What you should do: With the pictures omitted, print exactly the lines below, from the one containing "(总)九花鹿 2025新款丹" through the one containing "A bold and uplifting", and nothing else.

Given data:
.....
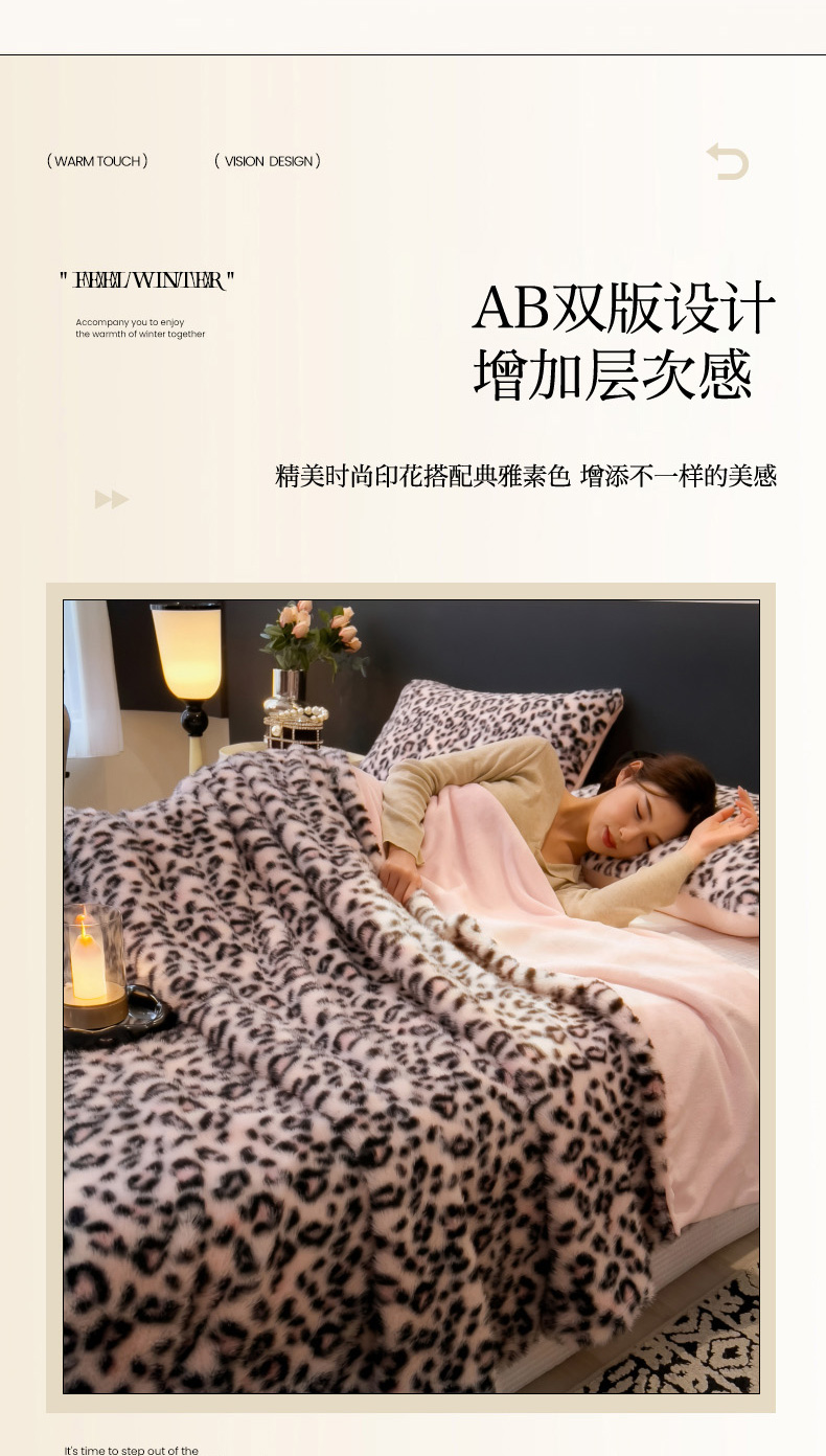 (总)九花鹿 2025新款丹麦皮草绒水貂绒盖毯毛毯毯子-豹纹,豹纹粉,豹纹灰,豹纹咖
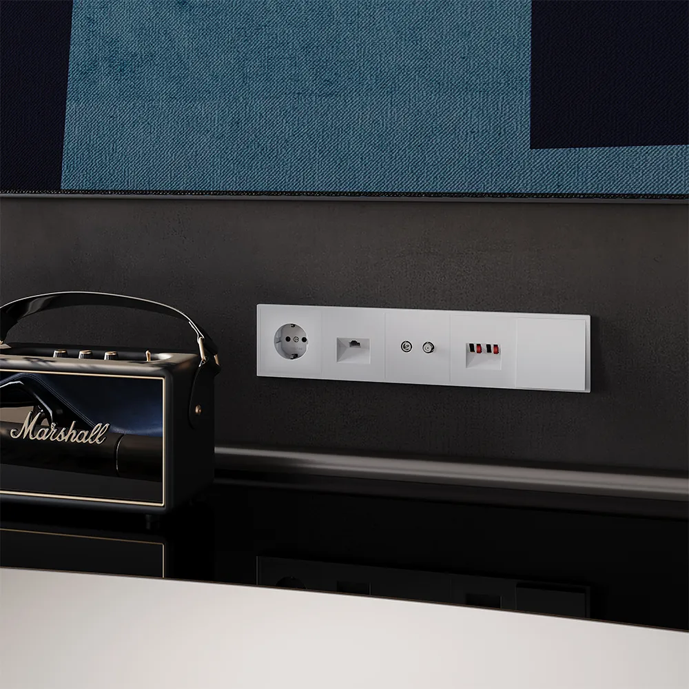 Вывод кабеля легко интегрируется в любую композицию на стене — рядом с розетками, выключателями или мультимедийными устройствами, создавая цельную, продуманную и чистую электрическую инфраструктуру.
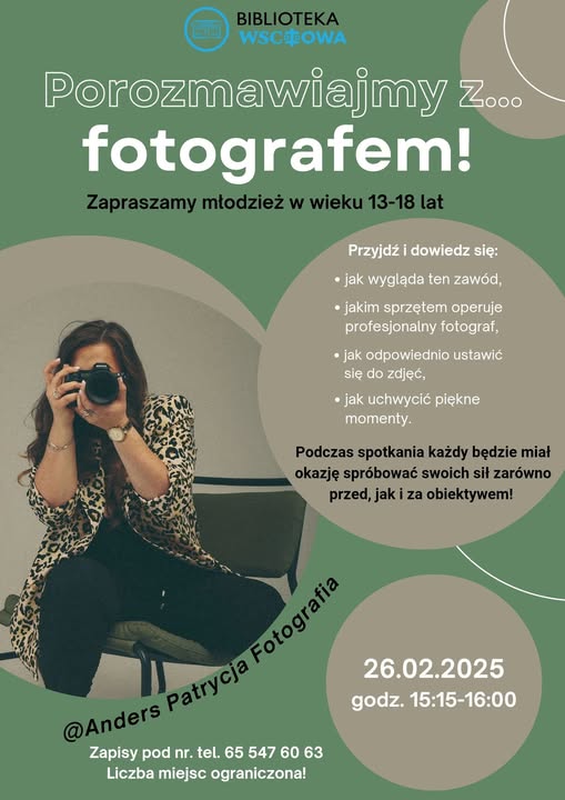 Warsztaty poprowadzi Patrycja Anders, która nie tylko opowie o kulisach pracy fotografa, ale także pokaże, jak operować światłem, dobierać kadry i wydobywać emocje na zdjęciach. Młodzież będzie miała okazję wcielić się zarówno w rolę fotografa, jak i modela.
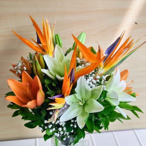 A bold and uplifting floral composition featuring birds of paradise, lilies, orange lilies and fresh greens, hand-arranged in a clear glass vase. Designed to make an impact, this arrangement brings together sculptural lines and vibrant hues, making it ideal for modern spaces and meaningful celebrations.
.....
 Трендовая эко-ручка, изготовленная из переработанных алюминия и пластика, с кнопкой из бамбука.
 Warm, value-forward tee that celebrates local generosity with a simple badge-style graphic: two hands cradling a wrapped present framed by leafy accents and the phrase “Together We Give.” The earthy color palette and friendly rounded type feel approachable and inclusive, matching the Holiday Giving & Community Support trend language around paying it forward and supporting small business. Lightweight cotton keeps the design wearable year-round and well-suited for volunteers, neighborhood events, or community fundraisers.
.....
Answer:
 (总)九花鹿 2025新款丹麦皮草绒水貂绒盖毯毛毯毯子-豹纹,豹纹粉,豹纹灰,豹纹咖
 Вывод кабеля легко интегрируется в любую композицию на стене — рядом с розетками, выключателями или мультимедийными устройствами, создавая цельную, продуманную и чистую электрическую инфраструктуру.
 Warsztaty poprowadzi Patrycja Anders, która nie tylko opowie o kulisach pracy fotografa, ale także pokaże, jak operować światłem, dobierać kadry i wydobywać emocje na zdjęciach. Młodzież będzie miała okazję wcielić się zarówno w rolę fotografa, jak i modela.
 A bold and uplifting floral composition featuring birds of paradise, lilies, orange lilies and fresh greens, hand-arranged in a clear glass vase. Designed to make an impact, this arrangement brings together sculptural lines and vibrant hues, making it ideal for modern spaces and meaningful celebrations.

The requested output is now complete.